C’est que l’histoire initiale est aussi belle que noble : un jeune homme, aujourd’hui dans sa trentaine, qui écrit pour rendre hommage à son père, Driss Belemlih, professeur universitaire en littérature arabe, écrivain et poète, ayant souffert toute sa vie d’un manque de reconnaissance.

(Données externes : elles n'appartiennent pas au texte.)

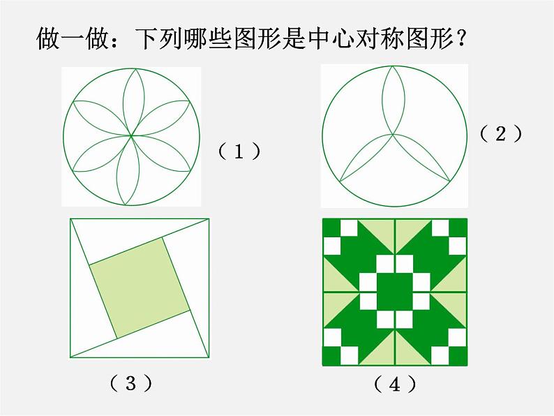 1、观察图形,并回答下面的问题:(1)哪些只是轴对称图形?(2)哪些只是中心对称图形?(3)哪些既是轴对称图形,又是中心对称图形?

Si les premières pages semblent biographiques, le récit prend rapidement la forme d’une autofiction sous la plume d’Adam, le narrateur et fils de Driss Belemlih. Il y raconte sa vie d’adolescent au Maroc, puis ses premières années en France : le pays où, selon lui, les artistes et intellectuels se voient décerner une vraie reconnaissance.
De père en fils
Avant d’être écrivain, Madi Belem est acteur. Il fréquente les bancs de l’école publique à Rabat dans les années 1990, et s’envole pour la France après son baccalauréat. Après un bref passage par une filière économique, il change de cap et s’inscrit au Cours Florent, dont il sortira comédien professionnel. Après plusieurs apparitions dans des séries et longs-métrages français, il entame en 2017 l’écriture de son premier roman.
Un projet qui vient de loin : “Au début de ma vingtaine, je tenais un petit carnet. Lorsque je rentrais au Maroc, j’en lisais de courts extraits à mon père. Je décrivais Paris, j’avais déjà quelques idées”, retrace Madi Belem, toujours installé à Paris. Quelques années après le décès de son père, en 2013, il retombe sur ce petit carnet et renoue avec l’écriture.
Le projet d’un premier roman prend finalement forme en 2017 : “J’ai construit ce roman par bribes d’idées. D’ailleurs, j’écrivais chapitre par chapitre, je peaufinais et travaillais petit à petit mon écriture.” Celle-ci est à la fois soignée et chaotique : La langue maudite jongle entre des passages particulièrement rythmés et réfléchis, et d’autres qui se caractérisent uniquement par leur oralité, puisant sa source dans un registre très familier. Pour l’auteur, il faut faire le parallèle avec son rapport de comédien au théâtre. “J’ai voulu m’approprier l’oralité du théâtre et en faire quelque chose dans la littérature, d’où mon intérêt pour cette dimension parlée”, justifie-t-il.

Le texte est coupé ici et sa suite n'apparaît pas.